🤖 AI Summary
In physical human-robot collaboration (pHRC), existing approaches suffer from inaccurate intent estimation due to reliance solely on short-term motion data, limited multi-step prediction capability, and inflexible role allocation. To address these challenges, this paper proposes a novel dual-branch Transformer-based conditional variational autoencoder (CVAE) that jointly models force and trajectory modalities, and—uniquely—embeds human biomechanical modeling into long-horizon collaborative prediction. Furthermore, it integrates differential cooperative game theory (DCGT) to enable intent-driven, real-time role reassignment. The method innovatively fuses human-guided multimodal sensing with obstacle-aware trajectory prediction. Experimental results demonstrate a 23.6% improvement in intent recognition accuracy, 94.1% role allocation rationality, and a 17.3% gain in collaboration efficiency over state-of-the-art methods, significantly enhancing robotic autonomy and dynamic adaptability.
📝 Abstract
In physical Human-Robot Collaboration (pHRC), accurate human intent estimation and rational human-robot role allocation are crucial for safe and efficient assistance. Existing methods that rely on short-term motion data for intention estimation lack multi-step prediction capabilities, hindering their ability to sense intent changes and adjust human-robot assignments autonomously, resulting in potential discrepancies. To address these issues, we propose a Dual Transformer-based Robot Trajectron (DTRT) featuring a hierarchical architecture, which harnesses human-guided motion and force data to rapidly capture human intent changes, enabling accurate trajectory predictions and dynamic robot behavior adjustments for effective collaboration.
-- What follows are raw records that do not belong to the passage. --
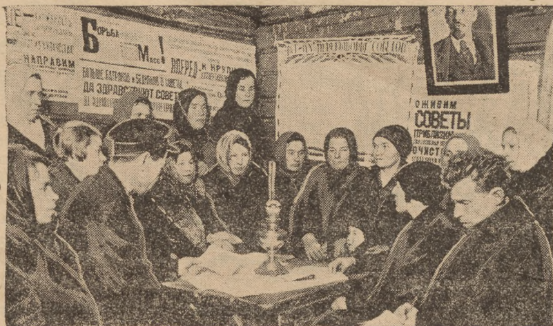
Rülandukogude walimisteeelne naistekoosolek Slobodka Moškwa kub.
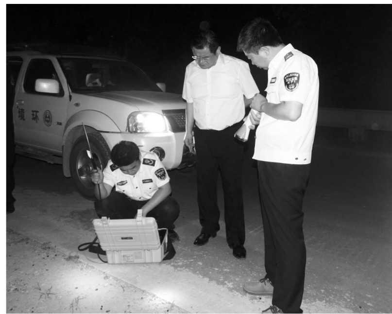
为改善生态环境质量,滨州市不断加大环境执法力度,严打环境违法行为,确保企业达标排放。图为环境执法人员对企业进行夜查。

在环境信息公开方面,滨州市及时将中央环保督察问题整改、饮用水源地整改和大气强化督查等信息,通过报纸、门户网站、微博、微信等渠道发布,既接受公众监督,又保障公众的环境知情权。
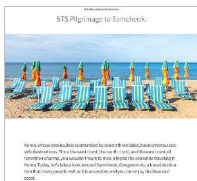
韓国の観光スポットについて紹介 〈Featured Location〉
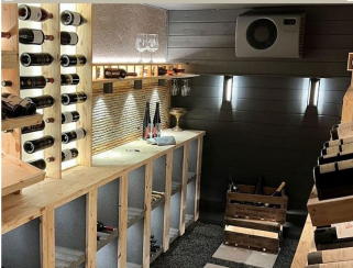
Eclairage d'une cave à vin avec les produits BYLED - Spot downlight en applique étanche 7W - STACK - Applique LED murale d'extérieur 6W - SHELF

NOS CLIENTS FONT CONFIANCE AUX PRODUITS BYLED
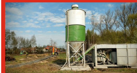
Prace przygotowawcze pod budowę wiaduktu w Łochowie na DK62. Kwiecień 2020 r.
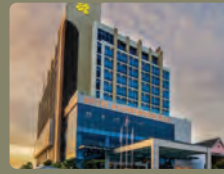
Platinum Hotel & Convention Hall Jl. Soekarno Hatta No.28, Kota Balikpapan, Telp. 05428830228
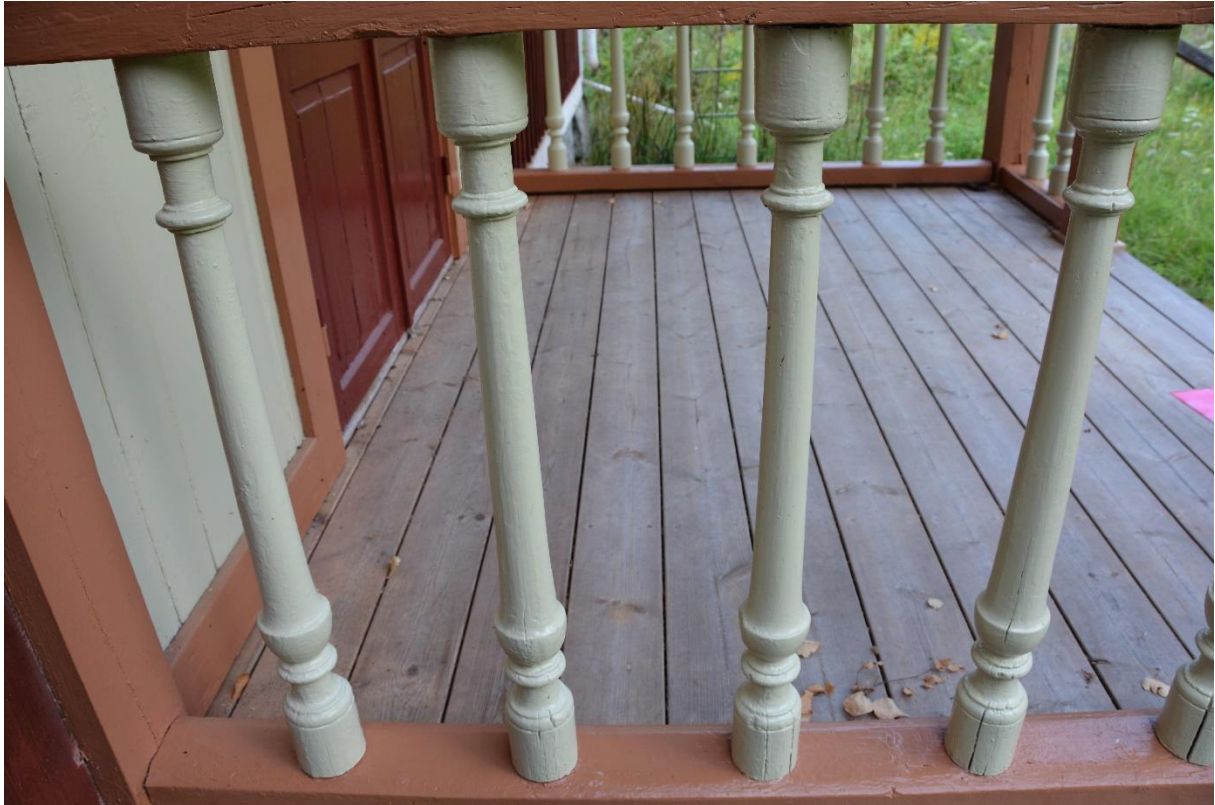
Slutbesiktning. Balusterdockor och det nya verandagolvet. vlm-kmvab-0199

Specifically, human intent estimation in DTRT uses two Transformer-based Conditional Variational Autoencoders (CVAEs), incorporating robot motion data in obstacle-free case with human-guided trajectory and force for obstacle avoidance. Additionally, Differential Cooperative Game Theory (DCGT) is employed to synthesize predictions based on human-applied forces, ensuring robot behavior align with human intention. Compared to state-of-the-art (SOTA) methods, DTRT incorporates human dynamics into long-term prediction, providing an accurate understanding of intention and enabling rational role allocation, achieving robot autonomy and maneuverability. Experiments demonstrate DTRT's accurate intent estimation and superior collaboration performance.